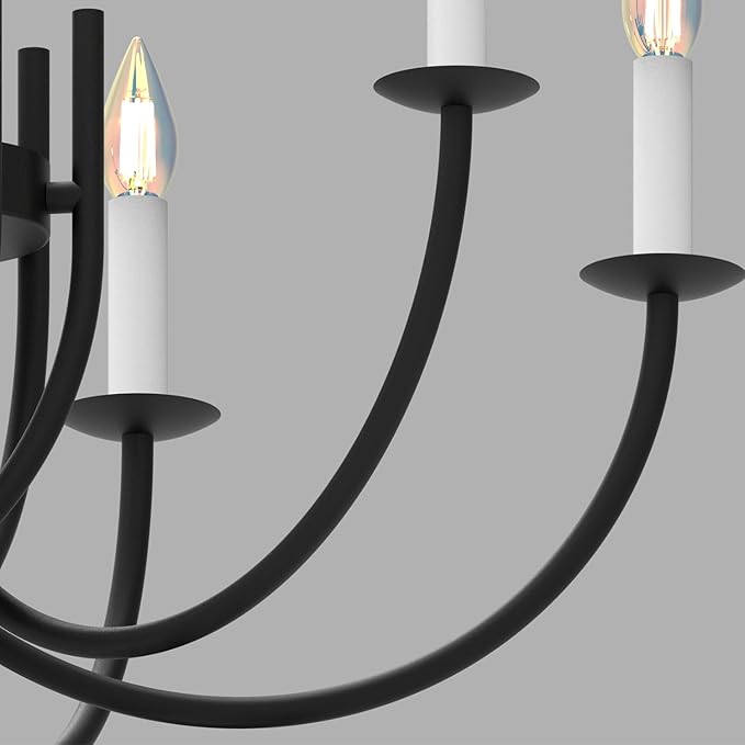 - 【Easy to Install】This round black chandelier uses the LED E12 lamp socket. After you open the package, you only need to assemble the dining room chandelier according to the installation manual, and then install the modern candle chandelier on the 110V ceiling.
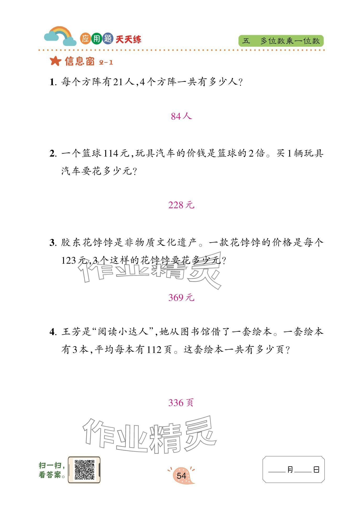 注:目前有些书本章节名称可能整理的还不是很完善,但都是按照顺序排列的,请同学们按照顺序仔细查找。练习册 2025年应用题天天练青岛出版社三年级数学上册青岛版 答案主要是用来给同学们做完题方便对答案用的,请勿直接抄袭。
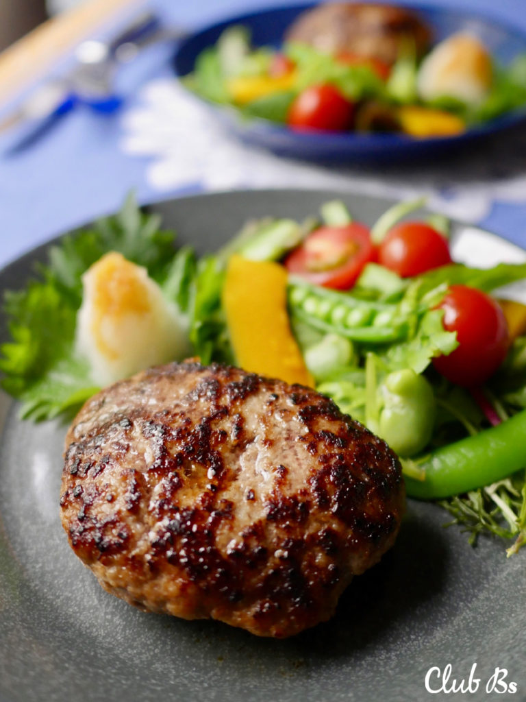 5. テフロンのフライパンを中火にかけて熱し、ハンバーグを焼く。焼き色がついたら裏に返し、火を弱め、蓋をして中まで火を通す。
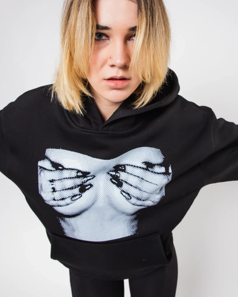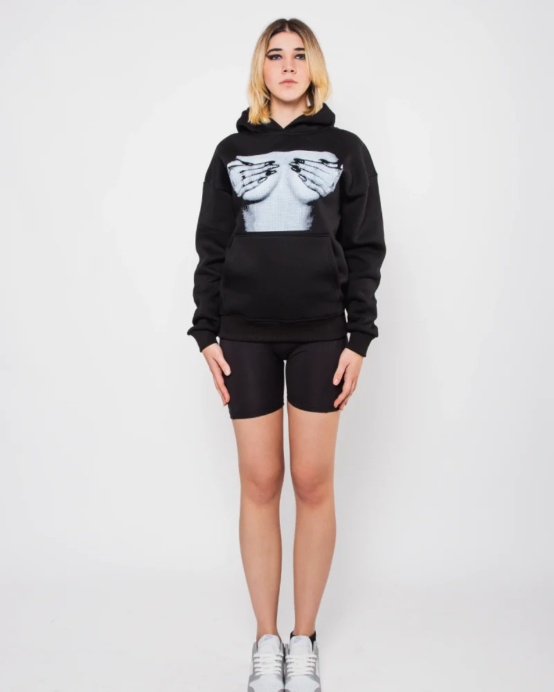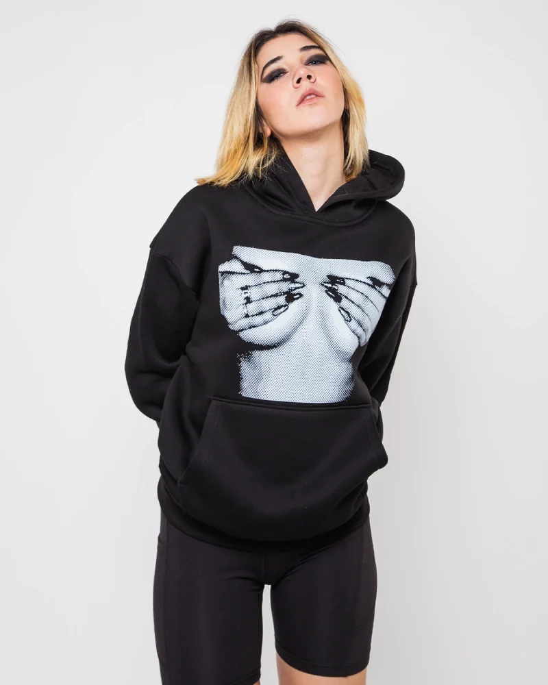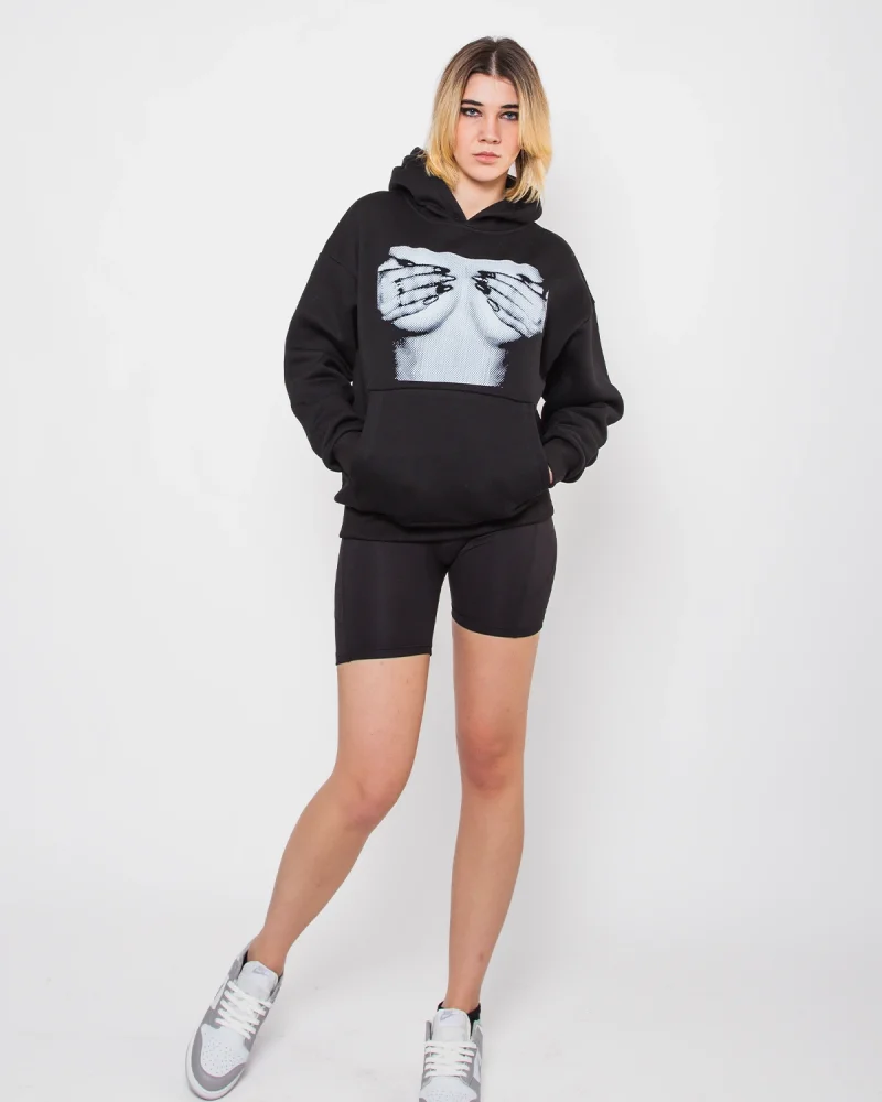 Silhouette Boobs V2 Baskılı Oversize Unisex Siyah Hoodie

## Exercise prompt
Set down the material word for word, and drop every picture from it.

## Expected output
 - 【Easy to Install】This round black chandelier uses the LED E12 lamp socket. After you open the package, you only need to assemble the dining room chandelier according to the installation manual, and then install the modern candle chandelier on the 110V ceiling.
 注:目前有些书本章节名称可能整理的还不是很完善,但都是按照顺序排列的,请同学们按照顺序仔细查找。练习册 2025年应用题天天练青岛出版社三年级数学上册青岛版 答案主要是用来给同学们做完题方便对答案用的,请勿直接抄袭。
 5. テフロンのフライパンを中火にかけて熱し、ハンバーグを焼く。焼き色がついたら裏に返し、火を弱め、蓋をして中まで火を通す。
 Silhouette Boobs V2 Baskılı Oversize Unisex Siyah Hoodie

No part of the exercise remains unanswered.